§ What to produce
What is needed is an exact copy of every line from the one with "A young woman" to the end of the entries below, without the pictures.

Supplied records: Begin

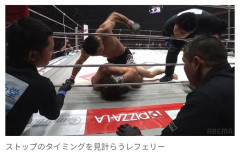 1: 冬月記者 ★ 2026/01/01(木) 02:16:45.61 ID:/6eqKOAv9 「ストップ遅すぎる」「止めてあげて」朝倉未来、衝撃結末にファン悲痛 「人間の種類が違うみたい」ケンコバ驚き 「パウンド連打、重たい一発。恐怖の拳が朝倉未未来に襲い掛かっていく」“路上の伝説”が一方的に殴られる修羅場に実況席から悲鳴のような声。 ファンからも「止めてあげて」「もはやホラーゲーム」など悲痛な声が相次いだ。 2025年12月31日、さいたまスーパーアリーナで「RIZIN 師走の超強者祭り」が開催され、メインイベントのRIZINフェザー級タイトルマッチで王者ラジャブアリ・シェイドゥラエフが1ラウンド2分54秒、パウンドの連打で朝倉未来をTKOで下し、防衛に成功した。 キルギス出身のシェイドゥラエフは16勝0敗、フィニッシュ率100%。挑戦者の朝倉にとってはキャリア過去最強の相手として“圧倒的不利”の下馬評で挑む異例のカードとなった。 余りにも強すぎる王者だ。試合序盤こそシェイドゥラエフのプレッシャーに、左ハイで反応を見せた朝倉だが、ロープ際のリフトからのパウンド、素早くバックからスープレックス2連発と規格外の怪力とテクニックを前に、ファンは「無理無理」「バケモン」「パワーどうなってんだ」「プロレスかよ」「遊ばれてるやん」と唖然。 スープレックス後もフックを解除せず、コーナーへと引き込んだシェイドゥラエフは、顔面にヒザ。 串刺し状態から硬いパンチ連打で朝倉を削り、マウントやハーフガード、亀の状態の朝倉に対し、後頭部を避けつつ容赦ない拳を叩き込み続ける。 ほぼ無抵抗の状態。バックからの鋼鉄のような拳の連打に「動け!」の声援も飛ぶが、徐々に「もう止めて」「これは無理だ」「強すぎる」など、絶望の声が相次ぐ。 レフェリーは朝倉の反応を見ながら試合の状況を注視。怒涛のパウンド攻撃に、かすかに朝倉がガードするような動きを見せるが、力が抜けた状態だ。 一方的な状況に「パウンド、このパウンドは重い! パウンド連打、パウンド連打、重たい一発。様々な角度から恐怖の拳だ!」と悲鳴のような実況。 ファンも「止めるのおせえよ」「ストップ遅すぎる」「もはやホラーゲーム」と阿鼻叫喚のなか、レフェリーがようやく身体を入れてストップ。 意識はかすかにあるものの朝倉は仰向けで天を仰ぎ、即ストレッチャーが投入され搬送された。 試合前に「さすがにバケモノだとは思いますけど、俺なら勝てると思ってるんで」と覚悟を語った朝倉だったが、シェイドゥラエフの“バケモノ”レベルは朝倉本人の想定を遥かに上回るものだった。 ファンからは「人外すぎる」「もう誰も勝てない」「この化け物と試合をしただけ勇気があるわ」「これだけの差があったか…」と諦めムード。この日のゲスト解説ケンドー・コバヤシは「俺はもう中央アジアが怖いです。人間の種類が違うみたいな気がして…」と、目の前で起きた絶望を吐露した。 大会側によると、朝倉は意識こそあるもののダメージは大きく、救急車で緊急搬送され、予定されていた試合後会見は欠席。精密検査を受けているということだ。…
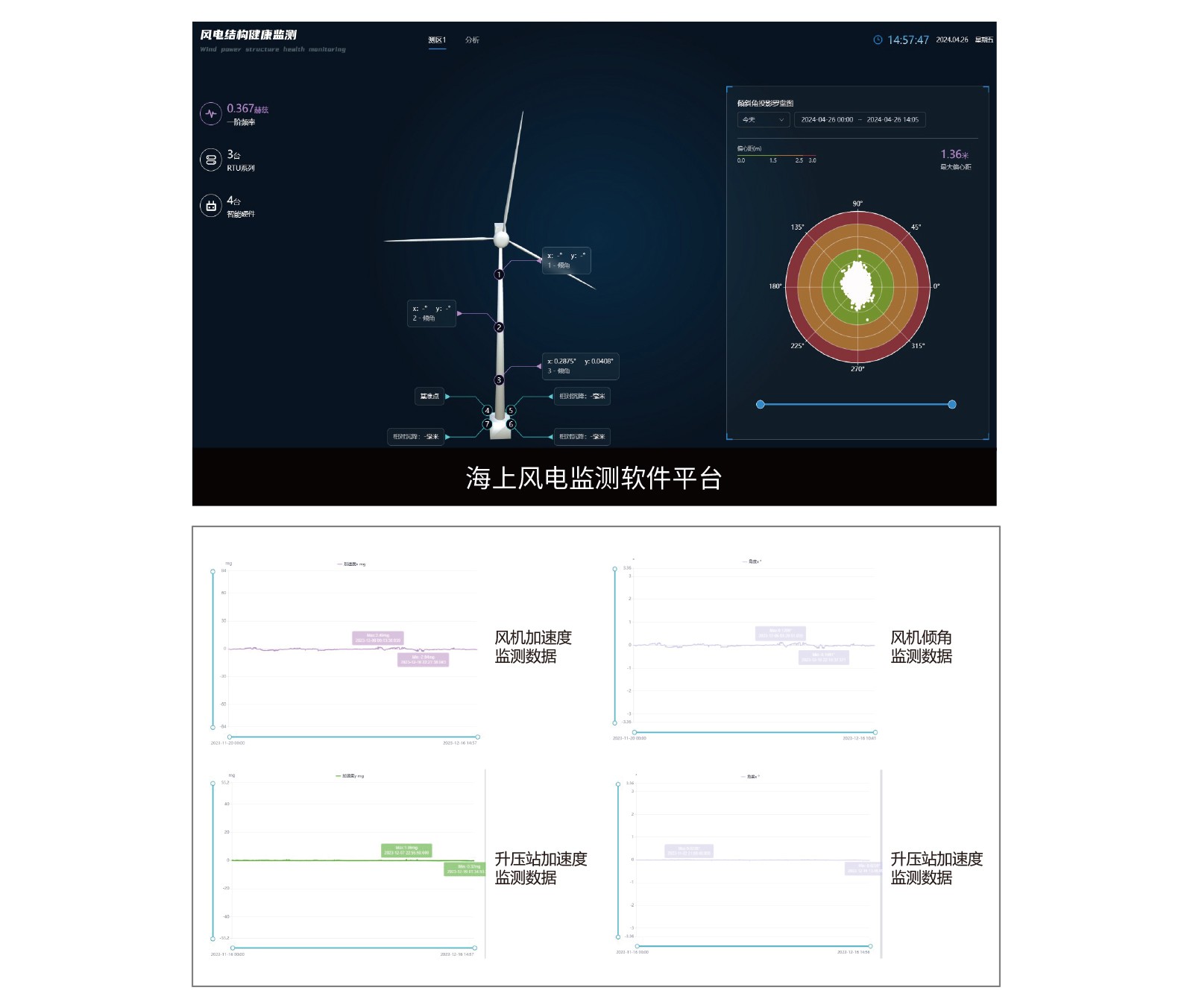 监测系统自安装运行以来,监测数据平稳,结构未发生突然性、持续性倾斜和较大振动,风机与升压站处于稳定状态。
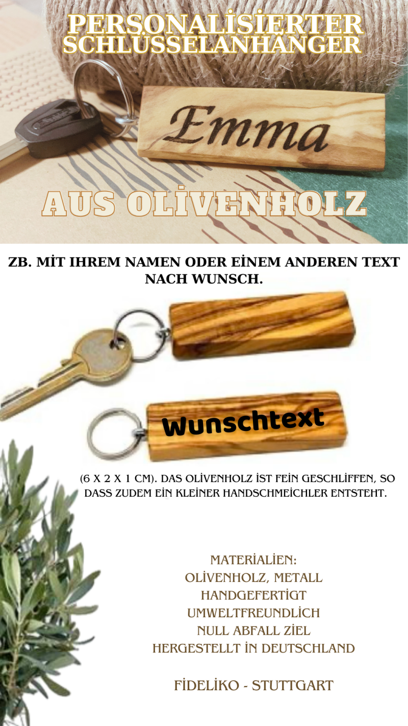 - PERSONALISIERUNG: Individuell gestaltete Schlüsselanhänger aus hochwertigem Olivenholz mit Wunschtext oder Namen nach Ihrer Wahl
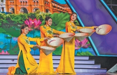 11月30日,2023年瀾滄江·湄公河流域國家文化藝術(shù)節(jié)開幕式暨文藝晚會(huì)在云南景洪市舉行。圖為來自越南的藝術(shù)工作者在表演舞蹈《斗笠舞》。新華社記者 胡 超攝
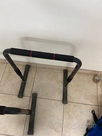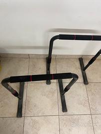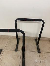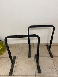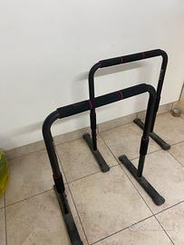 Vendo coppia di parallele stabili e resistenti, perfette per esercizi a corpo libero come dips, L-sit, push-up, planche, ecc. Robuste e regolabili in altezza, con impugnature imbottite antiscivolo.
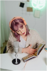 A young woman with purple hair reads a book while listening through headphones at a white desk with a microphone.
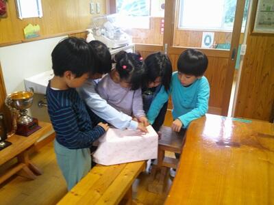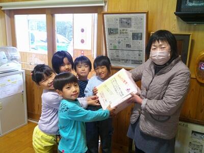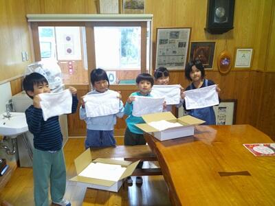 10月31日(金)町内にある事業所「NicoRon」の皆さん手作りのぞうきんを寄贈していただきました。代表して1年生が受け取り、「ありがとうございます。おそうじがんばります。」と一人一人がお礼の言葉を伝えてくれました。
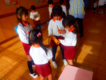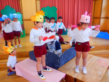 異年齢で入り交ざって、いろんなクラスの劇遊びを楽しみだしています

Supplied records: End

§ Reply to the exercise
 A young woman with purple hair reads a book while listening through headphones at a white desk with a microphone.
 10月31日(金)町内にある事業所「NicoRon」の皆さん手作りのぞうきんを寄贈していただきました。代表して1年生が受け取り、「ありがとうございます。おそうじがんばります。」と一人一人がお礼の言葉を伝えてくれました。
 異年齢で入り交ざって、いろんなクラスの劇遊びを楽しみだしています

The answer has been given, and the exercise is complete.